TASK STATEMENT
With pictures omitted, restate the data word for word.

[Data records]

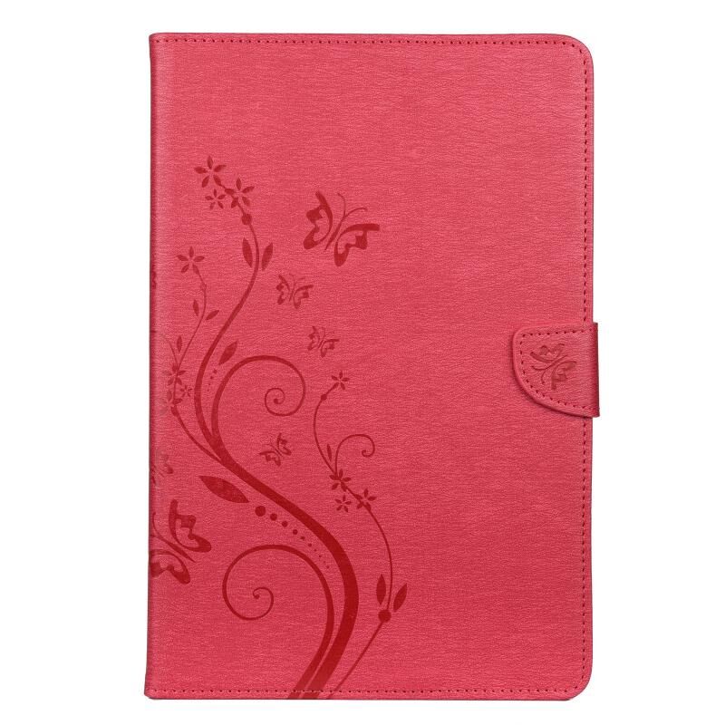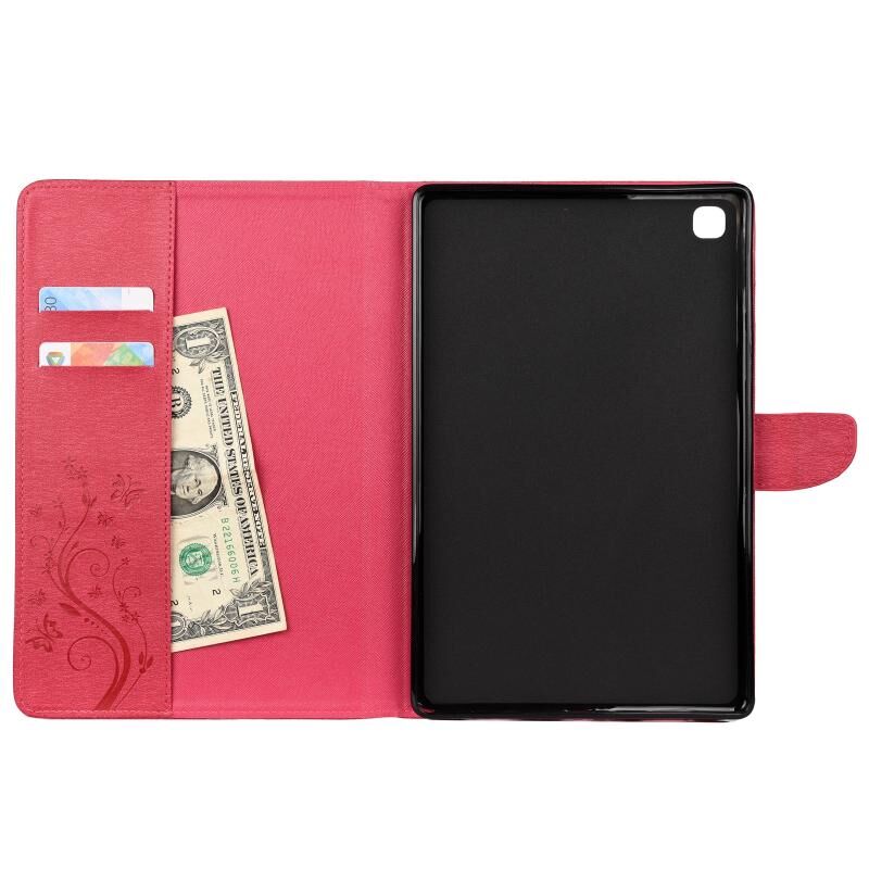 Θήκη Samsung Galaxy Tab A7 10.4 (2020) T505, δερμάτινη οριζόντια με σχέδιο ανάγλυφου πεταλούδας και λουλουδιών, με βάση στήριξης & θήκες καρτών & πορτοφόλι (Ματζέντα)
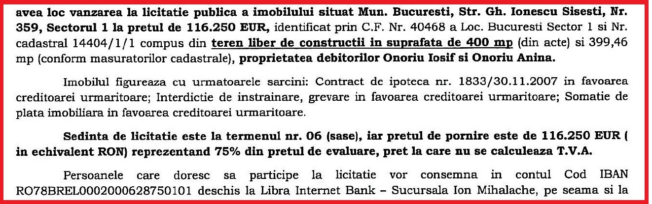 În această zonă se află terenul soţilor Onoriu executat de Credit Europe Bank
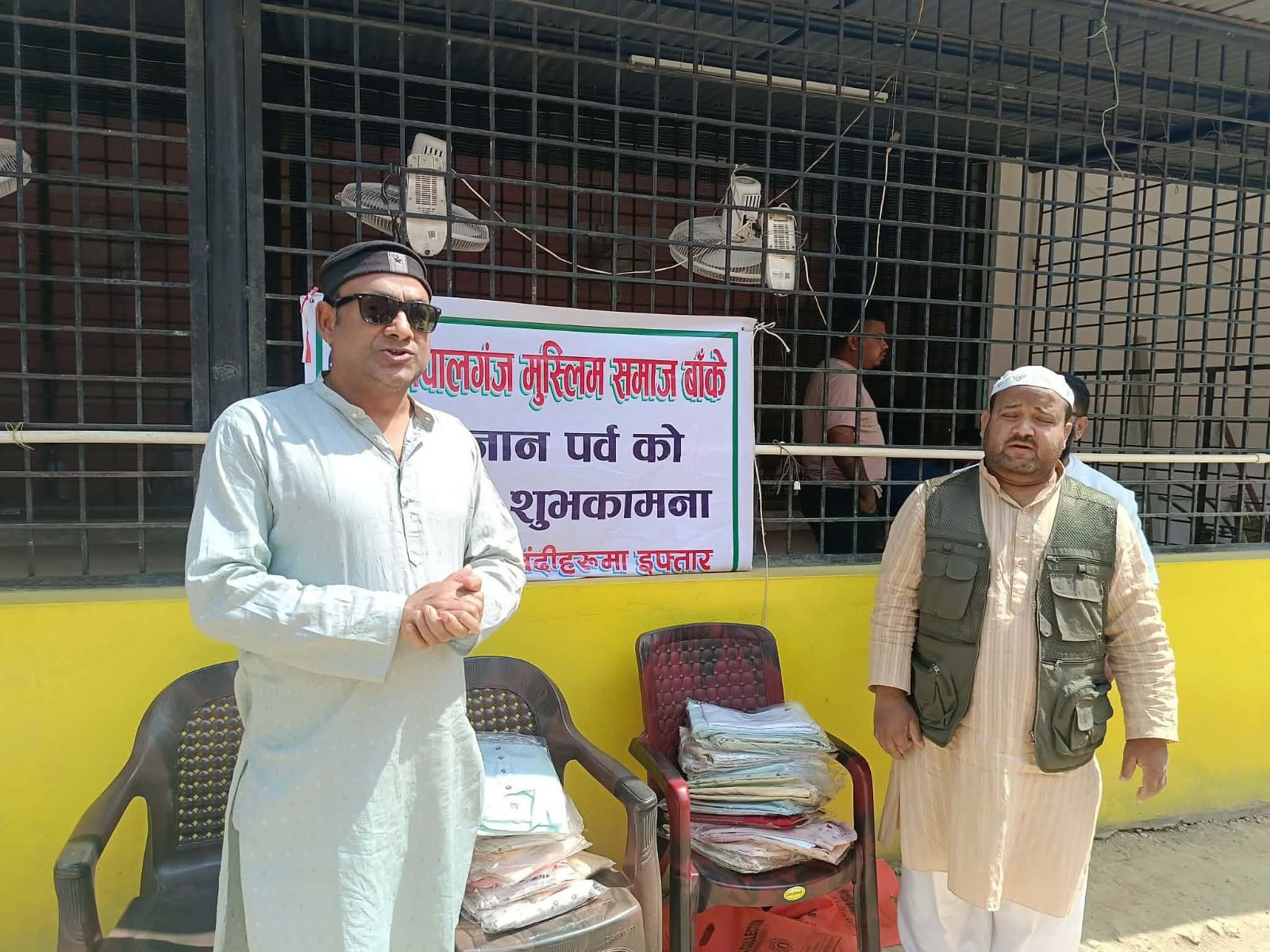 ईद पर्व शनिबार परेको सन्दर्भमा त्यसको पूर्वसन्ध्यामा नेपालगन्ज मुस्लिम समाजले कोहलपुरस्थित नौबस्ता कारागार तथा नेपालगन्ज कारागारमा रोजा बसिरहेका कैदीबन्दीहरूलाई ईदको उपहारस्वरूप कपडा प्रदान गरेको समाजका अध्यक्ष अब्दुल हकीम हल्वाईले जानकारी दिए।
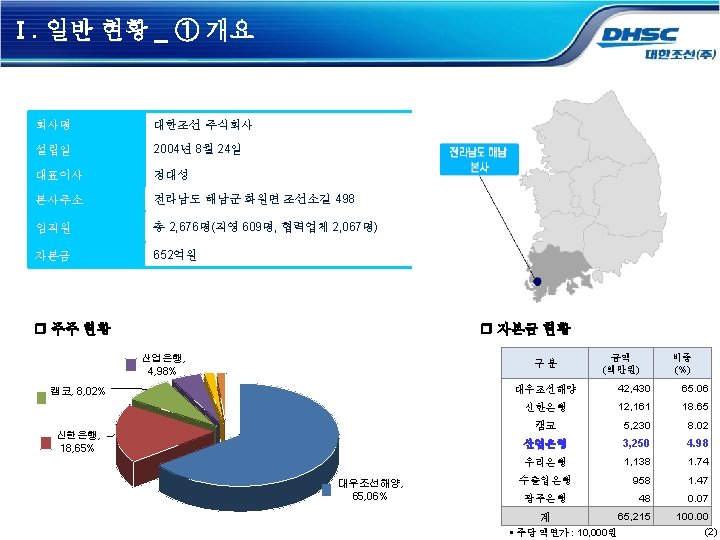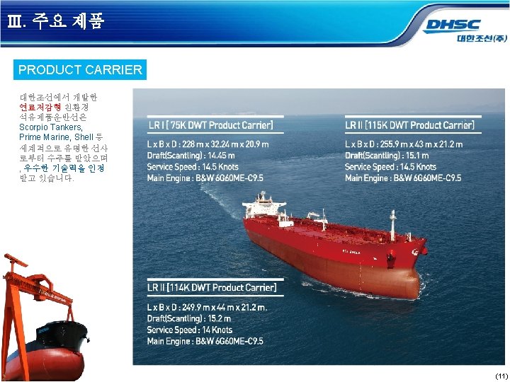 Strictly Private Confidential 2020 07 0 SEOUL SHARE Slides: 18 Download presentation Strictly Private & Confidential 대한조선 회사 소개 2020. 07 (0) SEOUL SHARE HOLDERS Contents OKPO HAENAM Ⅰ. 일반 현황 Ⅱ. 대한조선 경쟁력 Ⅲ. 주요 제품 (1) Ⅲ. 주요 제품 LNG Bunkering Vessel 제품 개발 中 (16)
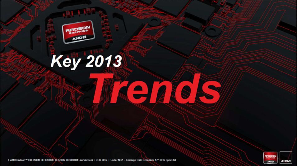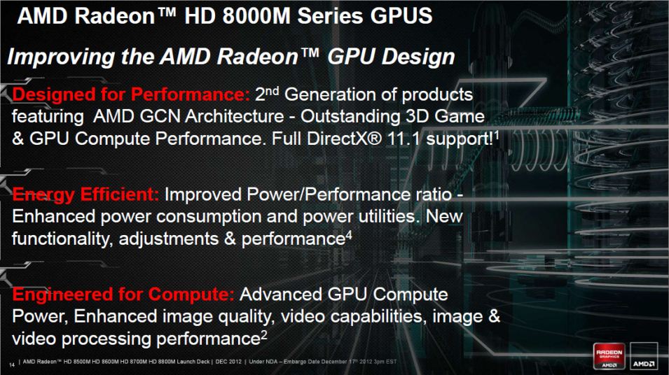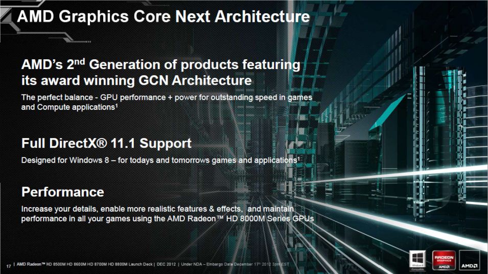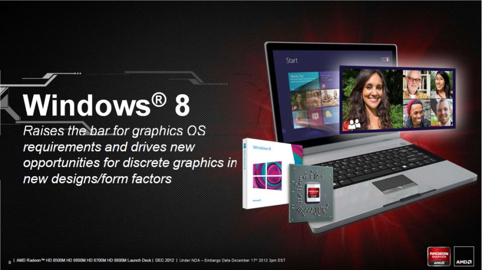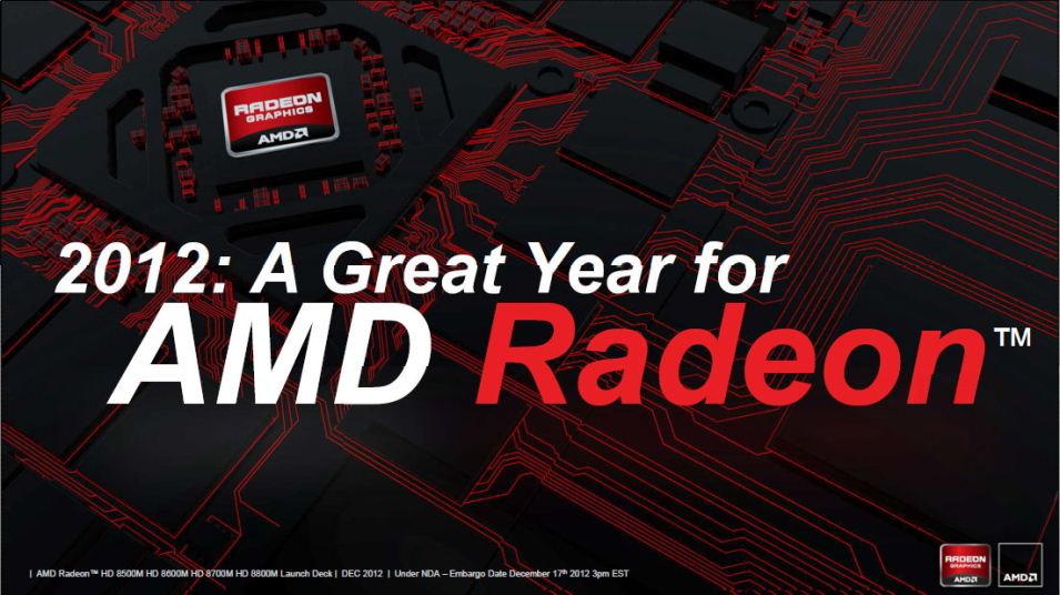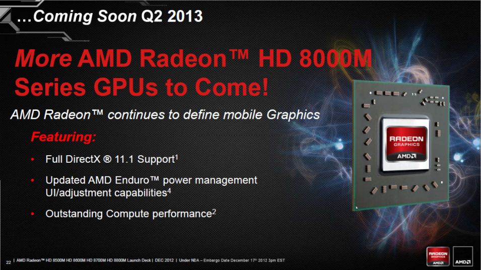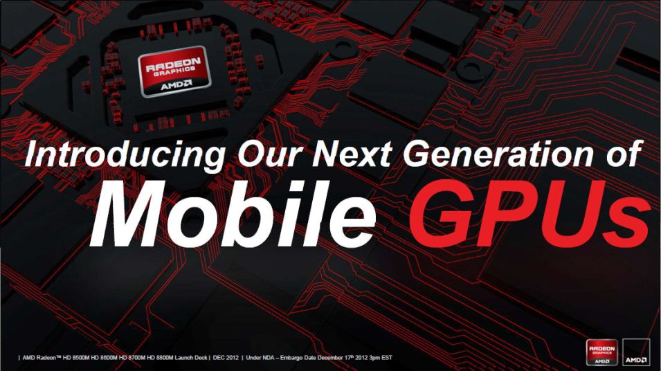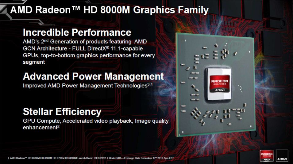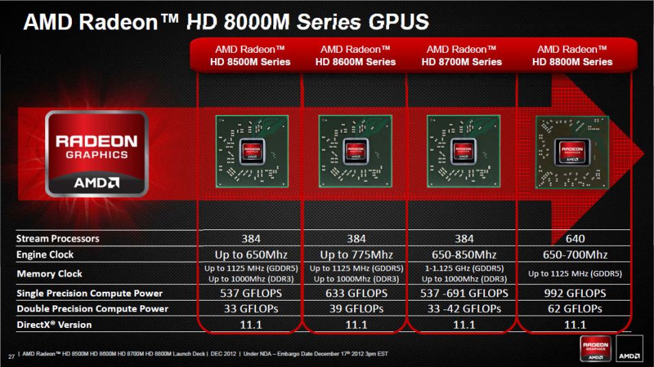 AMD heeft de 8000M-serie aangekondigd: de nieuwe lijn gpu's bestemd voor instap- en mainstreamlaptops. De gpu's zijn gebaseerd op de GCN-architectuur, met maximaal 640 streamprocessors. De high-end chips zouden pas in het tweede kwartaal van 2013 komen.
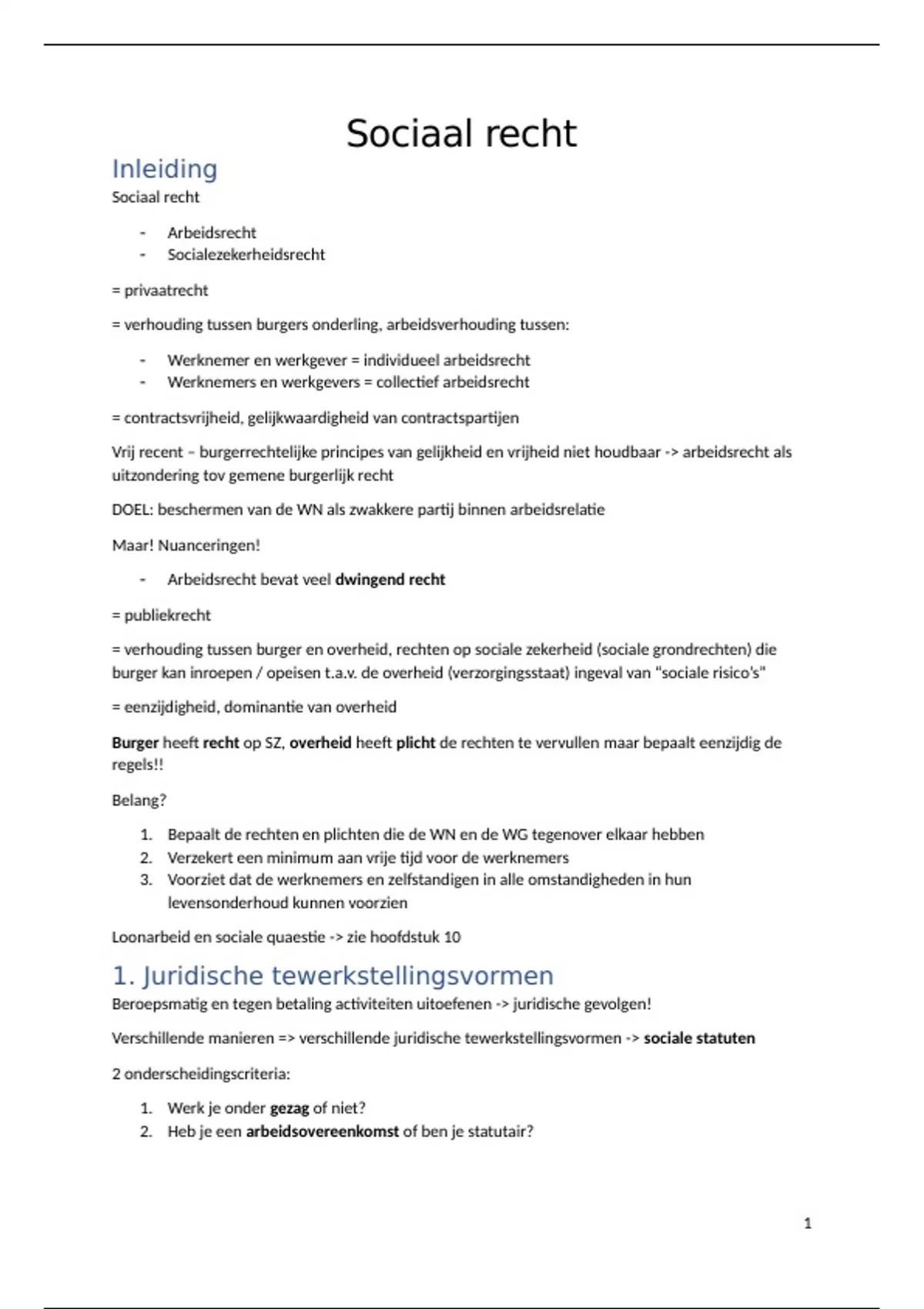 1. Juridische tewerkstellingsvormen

EXPECTED ANSWER
 Θήκη Samsung Galaxy Tab A7 10.4 (2020) T505, δερμάτινη οριζόντια με σχέδιο ανάγλυφου πεταλούδας και λουλουδιών, με βάση στήριξης & θήκες καρτών & πορτοφόλι (Ματζέντα)
 În această zonă se află terenul soţilor Onoriu executat de Credit Europe Bank
 ईद पर्व शनिबार परेको सन्दर्भमा त्यसको पूर्वसन्ध्यामा नेपालगन्ज मुस्लिम समाजले कोहलपुरस्थित नौबस्ता कारागार तथा नेपालगन्ज कारागारमा रोजा बसिरहेका कैदीबन्दीहरूलाई ईदको उपहारस्वरूप कपडा प्रदान गरेको समाजका अध्यक्ष अब्दुल हकीम हल्वाईले जानकारी दिए।
 Strictly Private Confidential 2020 07 0 SEOUL SHARE Slides: 18 Download presentation Strictly Private & Confidential 대한조선 회사 소개 2020. 07 (0) SEOUL SHARE HOLDERS Contents OKPO HAENAM Ⅰ. 일반 현황 Ⅱ. 대한조선 경쟁력 Ⅲ. 주요 제품 (1) Ⅲ. 주요 제품 LNG Bunkering Vessel 제품 개발 中 (16)
 AMD heeft de 8000M-serie aangekondigd: de nieuwe lijn gpu's bestemd voor instap- en mainstreamlaptops. De gpu's zijn gebaseerd op de GCN-architectuur, met maximaal 640 streamprocessors. De high-end chips zouden pas in het tweede kwartaal van 2013 komen.
 1. Juridische tewerkstellingsvormen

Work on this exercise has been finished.